Individuals might be able to learn patience and hard work, but sadly students from marginalized and middle-class communities have limited guidance and financial means to make it through Canadian law schools. In 2018, the reality is that many law students graduate with more than $100,000 in debt without any guarantee that they will find a well-paid articling position or a job in the future.

A top Canadian law school’s full-time domestic students’ fee is approximately $40,000 a year for three years. For international students, that cost rises to about $51,000 per year. According to Statistics Canada, the average Canadian salary is $55,806.40 per year. Due to the high cost of legal education, a middle-class student can only rely on commercial loans to pay the fees, ending up with more than $100,000 in debt.

Desperate to pay off the debt after graduation, the average middle-class student will only search for well-paid jobs while overlooking what their true passion is. It is important to note that these new lawyers may not be willing to help the vulnerable in our society due to the pressure of making more money. This disrupts access to justice making legal services costly and less accessible to the vulnerable in our society.

While there have been many commendable attempts to reduce the cost of legal education, there are still additional expenses associated with the lawyer licensing process. For example, the University of Toronto has officially launched the Campaign for Excellence without Barriers to help students afford law school and to enhance their learning experience. They have raised $25 million for this bursary-focused campaign. Moreover, Osgoode Hall Law School is increasing Income Contingent Loan Program (ICLP) by $200,000 and its accessibility fund by $500,000.

These campaigns and bursaries may help a fraction of students pay their tuition fee for law schools but there are additional costs associated with the lawyer licensing process. These additional costs include the fees associated with the application to the law society, licensing examination fee, experiential training fee, applicant licensing fee and administrative fees for the monthly payment plan. The approximate cost comes close to $6,000. How is a law student graduating with more than $100,000 in debt expected to pay these additional costs?

Moreover, in today’s competitive landscape there is no guarantee that after graduation a law student will find an articling position let alone find a well-paid one.
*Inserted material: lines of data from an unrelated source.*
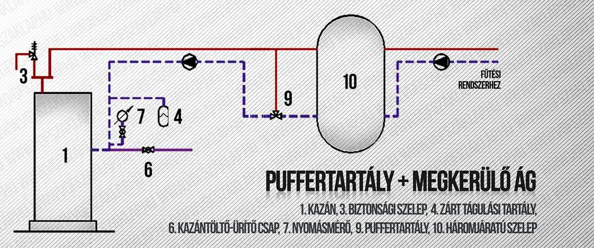 Viszonylag a legköltségesebb megoldás, de a legkevésbé drasztikus, és a fűtést is egyenletesebbé teszi. Az előbbi esetekben a kazánban lévő fűtővíz hőmérséklete folyamatosan változik. Amikor megrakjuk a kazánt, akkor a hőmérséklet megemelkedik, amikor pedig már kezd leégni a tüzelőanyag, akkor lehűl. Nem igazán jó a lakásban a nagy hőingadozás, mert az emberi szervezet a 2 °C-nál nagyobb eltéréseket már nem tolerálja. Puffertartály beépítésekor a nagyobb mennyiségű vizet nem tudjuk felforralni a kazán erős megrakásával, s a tárolóban lévő víz is lassabban hűl le, azaz egyenletesebb lesz a fűtővíz hőmérséklete. A tartály bekötése a kazán és a fűtési rendszer közé esik (3. ábra).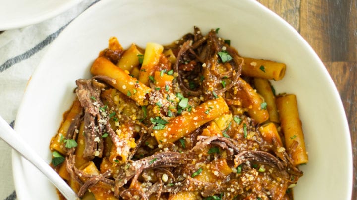Tender, fall-off-the-bone short ribs cooked in red wine and tomato sauce alongside ziti noodles.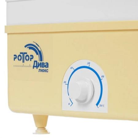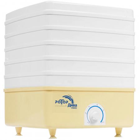 проверить балансСушилка для овощей и фруктов РОТОР ДИВА-ЛЮКС СШ-010-02 может стать незаменимым устройством на кухне вашего дома или даче при заготовке продуктов. Благодаря универсальности данная модель также подходит для обработки рыбы, различного мяса, а также зерновых изделий, зелени, корнеплодных растений. Модель отличается компактными размерами и высокой производительностью, соответствующей 520 Вт. Благодаря конвекции и вертикальной подаче воздуха обеспечивается равномерное и качественное высушивание с сохранением полезных свойств продуктов. Также есть возможностью регулировки температуры от 20 °C до 70 °C, что позволит подобрать оптимальный режим прогрева для каждого типа продуктов. Максимальная загрузка составляет 5 кг — по 1 кг на каждый из 5 противней. Сушилка для овощей и фруктов РОТОР ДИВА-ЛЮКС СШ-010-02 выполнена в классическом пластиковом корпусе бело-желтого цвета с вертикальной загрузкой, что обеспечивает удобство загрузки и компактность хранения. Для работы используется сеть 220 В.
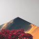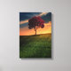Une belle photo d'un coucher de soleil avec un seul arbre rouge sur une colline verdoyante. Contraste intéressant et maussade avec des nuages sombres et lugubres illuminant le sol en contrebas avec un ciel jaune orangé sans nuages qui brille dans l'arrière - plan. Beau mélange de lumière et d'ombre.

In the past, students who didn’t find an articling position had to wait a year to apply again in the next available session. The introduction of Ryerson University’s Law Practice Program (LPP) affirms the issue of limited articling positions available for law students. LPP is an innovative alternative to traditional articling through a rigorous and demanding eight-month program combining online training and experiential learning with a hands-on work term.

Recently, the Ontario government has not approved funding for Ryerson University’s proposed law school, citing a high probability of unemployment in the legal field and an excess of students looking for articling positions. This clearly indicates how difficult it is for recent law graduates to find an articling position and pay off their debts. With monthly payments more than $1,700 for regular expenses and loan repayment these recent law graduates are left in an unfair situation.

Internationally trained lawyers who enter the Canadian legal landscape also face similar issues. If an internationally trained lawyer wishes to complete the National Committee on Accreditation (NCA) exams from top Canadian law schools, the fee is $35,540 for domestic students and $61,043.52 for international students.

Most faculties of laws do not offer direct financing or student financial aid for the program offered to internationally trained lawyers. These students are not eligible to apply for the second and third year on campus interview process or summer positions available to JD students. Hence, an internationally trained lawyer when writing the challenge exam is too qualified to work as a law clerk and under-qualified to work as a legal summer student.

It seems reasonable to conclude that individuals from marginalized and middle-class communities should be encouraged to apply to law schools to achieve access to justice. The Canadian government should offer support throughout the lawyers’ licensing process from the time a student applies to law school until the time they are called to the bar.

The more support the student has, the more likely the student will graduate with less debt and be willing to help the vulnerable in our society. This would reduce the cost of legal services making the services more accessible to the ones who need it the most. Moreover, law students and internationally trained lawyers should have access to more professional legal experience. Otherwise, our legal system will become increasingly inefficient at promoting access to justice and affordable legal services.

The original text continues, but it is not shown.